**Records excerpted from a collection:**
------------

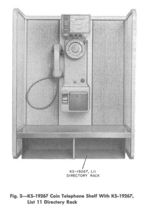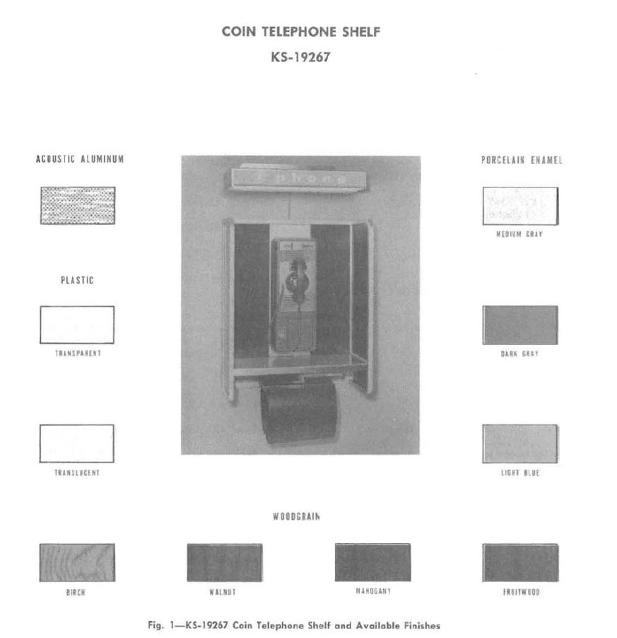 | KS-19267 Coin Telephone Shelf – Overview The KS-19267 is a coin telephone shelf designed for indoor use, specified under Bell System Practices, specifically Section 508-121-100, Issue 3, dated September 1965 It falls under the category “Shelves – Indoor – 19 and 20-type” and serves as a mounting surface for coin telephone sets and accessories The KS-19322 sign (List 1) can be mounted just above the shelf for illumination or signage purposes; moreover, if cords pass behind the shelf, a KS-19322 List 16 wire shield kit is used to cover exposed wiring. Compatibility The KS-19267 shelf was designed to support coin telephone sets such as the 1E-type models—these could be mounted on the shelf or within booths using it It was part of a broader ecosystem that included various booth types like: KS-16797 Universal Booth KS-19206 Curved-Door Booth KS-19340 Wood Booth KS-19425 Indoor-Outdoor Booth All of these could utilize the KS-19267 shelf for mounting or counter surfaces |
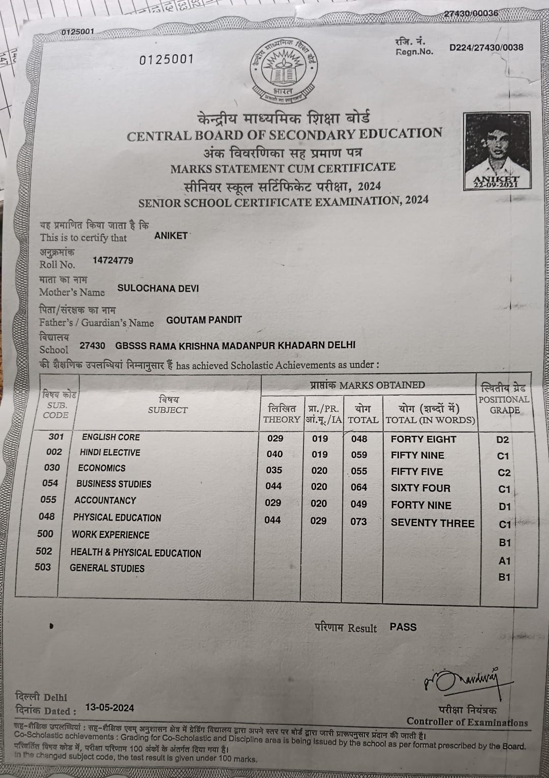 | Exam | Full Marks | Pass Marks | Marks Obtained |
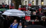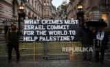 REPUBLIKA.CO.ID, LONDON -- Ribuan orang menggelar aksi unjuk rasa solidaritas untuk Palestina di kawasan Downing Street, kantor Perdana Menteri Rishi Sunak di London, Inggris, Kamis (19/10/2023).
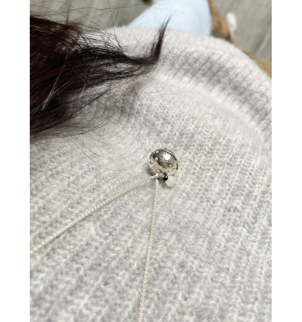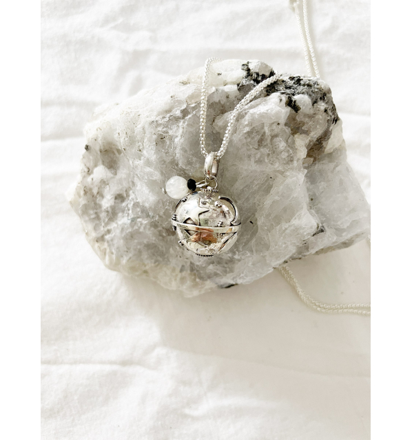 Colgante en Plata 925 (libre de níquel, cadmio y plomo). Motivos tallados de estrellas y lunas de 22mm, cuenta de Piedra Luna de 6mm, y de Ónix facetada de 2mm.
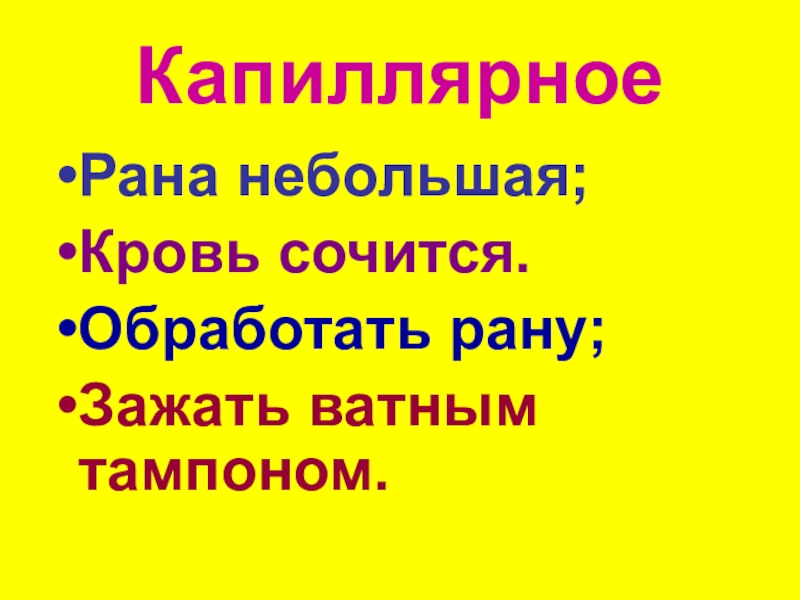 КапиллярноеРана небольшая;Кровь сочится. Обработать рану;Зажать ватным тампоном.
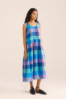 A sleeveless midi dress with a round neckline, featuring gathered details and a tie-up back. Made from multicolor chunky checkered 100% linen.
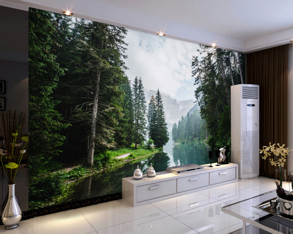 Tapeta Fototapeta spokojne jezioro w lesie sosnowym (artykuł a92710 ) z kategorii Fototapety Natura
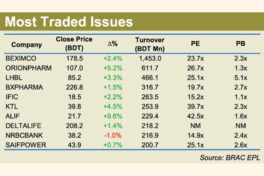 Beximco - the flagship company of Beximco Group- topped the turnover chart with shares worth Tk 1.45 billion changing hands, followed by Orion Pharma (Tk 611 million), LafargeHolcim (Tk 466 million), Beximco Pharma (Tk 316 million) and IFIC Bank (Tk 263 million).
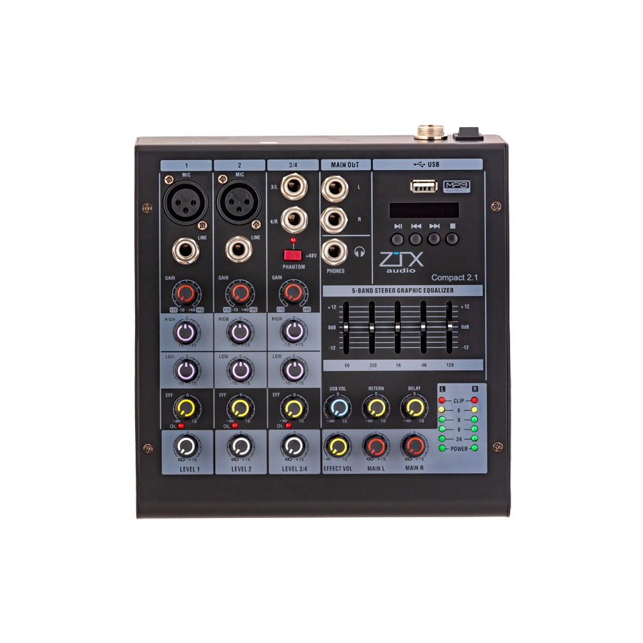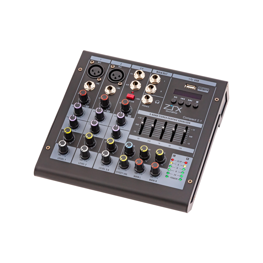 Оснащен всеми необходимыми функциями, дополненные рафическим эквалайзером, а также имеющие фантомное питание и дополнительные функции MP3 и Bluetooth (модель Compact 2.1 имеет только МР3), микшерные пульты ZTX Audio серии Compact станут незаменимыми помощниками в достижении качественного звука в небольших заведениях, школах и др.

------------

**YOUR GOAL:** Could you set down the records above word for word, without any of the pictures?

**RESPONSE BELOW:**
 | KS-19267 Coin Telephone Shelf – Overview The KS-19267 is a coin telephone shelf designed for indoor use, specified under Bell System Practices, specifically Section 508-121-100, Issue 3, dated September 1965 It falls under the category “Shelves – Indoor – 19 and 20-type” and serves as a mounting surface for coin telephone sets and accessories The KS-19322 sign (List 1) can be mounted just above the shelf for illumination or signage purposes; moreover, if cords pass behind the shelf, a KS-19322 List 16 wire shield kit is used to cover exposed wiring. Compatibility The KS-19267 shelf was designed to support coin telephone sets such as the 1E-type models—these could be mounted on the shelf or within booths using it It was part of a broader ecosystem that included various booth types like: KS-16797 Universal Booth KS-19206 Curved-Door Booth KS-19340 Wood Booth KS-19425 Indoor-Outdoor Booth All of these could utilize the KS-19267 shelf for mounting or counter surfaces |
 | Exam | Full Marks | Pass Marks | Marks Obtained |
 REPUBLIKA.CO.ID, LONDON -- Ribuan orang menggelar aksi unjuk rasa solidaritas untuk Palestina di kawasan Downing Street, kantor Perdana Menteri Rishi Sunak di London, Inggris, Kamis (19/10/2023).
 Colgante en Plata 925 (libre de níquel, cadmio y plomo). Motivos tallados de estrellas y lunas de 22mm, cuenta de Piedra Luna de 6mm, y de Ónix facetada de 2mm.
 КапиллярноеРана небольшая;Кровь сочится. Обработать рану;Зажать ватным тампоном.
 A sleeveless midi dress with a round neckline, featuring gathered details and a tie-up back. Made from multicolor chunky checkered 100% linen.
 Tapeta Fototapeta spokojne jezioro w lesie sosnowym (artykuł a92710 ) z kategorii Fototapety Natura
 Beximco - the flagship company of Beximco Group- topped the turnover chart with shares worth Tk 1.45 billion changing hands, followed by Orion Pharma (Tk 611 million), LafargeHolcim (Tk 466 million), Beximco Pharma (Tk 316 million) and IFIC Bank (Tk 263 million).
 Оснащен всеми необходимыми функциями, дополненные рафическим эквалайзером, а также имеющие фантомное питание и дополнительные функции MP3 и Bluetooth (модель Compact 2.1 имеет только МР3), микшерные пульты ZTX Audio серии Compact станут незаменимыми помощниками в достижении качественного звука в небольших заведениях, школах и др.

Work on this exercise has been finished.